Ангва вызвалась проводить Шельму до дома. Шельма очень удивилась, что командор Ваймс и капитан Моркоу нисколечко не протестовали. Ведь Ангве придется возвращаться в одиночестве, а
— Ты не боишься? — спросила Шельма у свой спутницы, идущей вместе с ней сквозь сырые облака тумана.
— Нет.
— А мне кажется, что из тумана вот-вот выскочит какой-нибудь убийца или насильник. Ты вроде говорила, что живешь в Тенях?
— А, да. Но ко мне уже давно никто не пристает.
— Может, потому, что боятся твоих доспехов?
— Может, — пожала плечами Ангва.
— Неужели в этом городе наконец научились уважать стражников?
— Возможно.
— Э… Слушай, извини за вопрос… но ты и капитан Моркоу?…
Ангва вежливо ждала.
— …Э…
— О да, — наконец сжалилась Ангва. — Мы — «э»… Но я снимаю жилье у госпожи Торт, потому что в таком городе, как этот, очень важно иметь собственный угол.
«Куда труднее найти хозяйку, симпатизирующую нам, существам со СПЕЦИФИЧЕСКИМИ запросами, — добавила про себя Ангва. — К примеру, ручки на дверях должны быть такими, чтобы за них можно было ухватиться когтями. И открытые каждое полнолуние окна — тоже немаловажно. Впрочем, мне это удалось».
— Понимаешь, хочется иметь место, где ты можешь побыть сама собой. В штаб-квартире постоянно пахнет носками.
— А я остановилась у своего дяди Руколома, — призналась Шельма. — Там не очень хорошо. Все время говорят о шахтах.
— Ну а ты в беседах не участвуешь?
— А что говорить о шахтах? «Я шахтер в моей шахте, и моя шахта — моя вахта», — срифмовала Шельма. — После чего переключаются на разговоры о золоте, что, говоря по правде, еще скучнее.
— Я думала, гномы ЛЮБЯТ золото, — удивилась Ангва.
— От этих разговоров повеситься можно.
— Слушай, ты уверена, что ты гном? Извини. Это была шутка.
— Есть куда более интересные темы. Прически. Одежда. Люди.
— О боги. Но это же типично БАБСКИЕ РАЗГОВОРЫ!
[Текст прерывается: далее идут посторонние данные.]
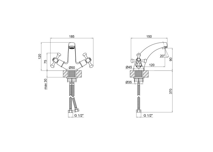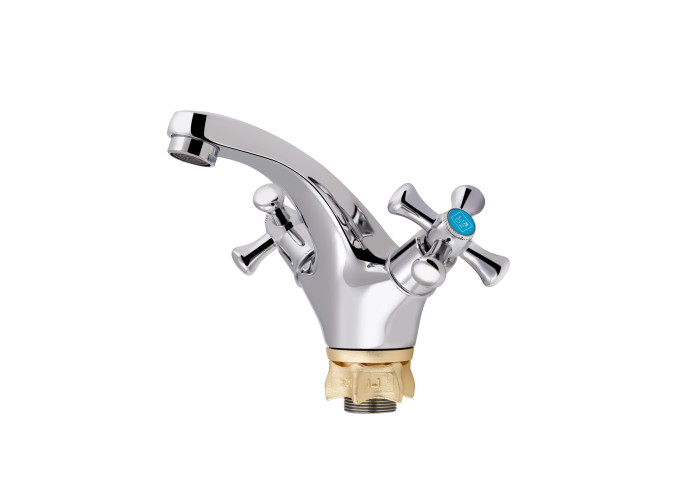 Змішувач для раковини Lidz (CRM) 75 21 161F виготовлений з латуні. Глянцева хромована поверхня надає змішувачу не тільки довговічність, а й привабливий зовнішній вигляд. Він монтується в отвір для змішувача на пристінному бортику умивальника або на стільниці. Напір і температура води регулюються поворотом зручних ручок. Підключення води відбувається через гнучкі шланги, які входять в комплект поставки. Змішувач виконано в сучасному стилі, він зручний у використанні.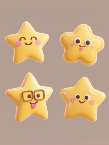 一系列6个不同表情的3D立体黄色圆形表情图标,保持与原图一致的圆润光滑质感、明亮橙黄色渐变、柔和高光与阴影效果、简洁可爱风格,表情包括:眨眼微笑、惊讶睁眼、嘟嘴亲吻、调皮吐舌、委屈撇嘴、冷静酷脸,每个表情图标周围点缀2-3颗小黄色星星,所有图标排列规整,背景为纯色,无文字、二维码及其他装饰元素。

— Не знаю, я еще никогда не вела БАБСКИЕ РАЗГОВОРЫ, — откликнулась Шельма. — Зато вдоволь поучаствовала в гномьих.
— В Страже все то же самое, — сказала Ангва. — Можно быть любого пола, но вести себя надо словно ты мужик. В Страже нет мужчин и женщин, а есть группа приятелей. Ты скоро узнаешь, что такое настоящий стражник. В основном говорится о том, сколько пива было выпито вчера, сколько было съедено карри и где именно тебя стошнило. Сплошные эготестероны. Тебе это быстро приестся. И будь готова к всякого рода намекам. В том числе не совсем приличным.
Шельма покраснела.
— Правда, с сальными шуточками вроде бы уже покончено, — добавила Ангва.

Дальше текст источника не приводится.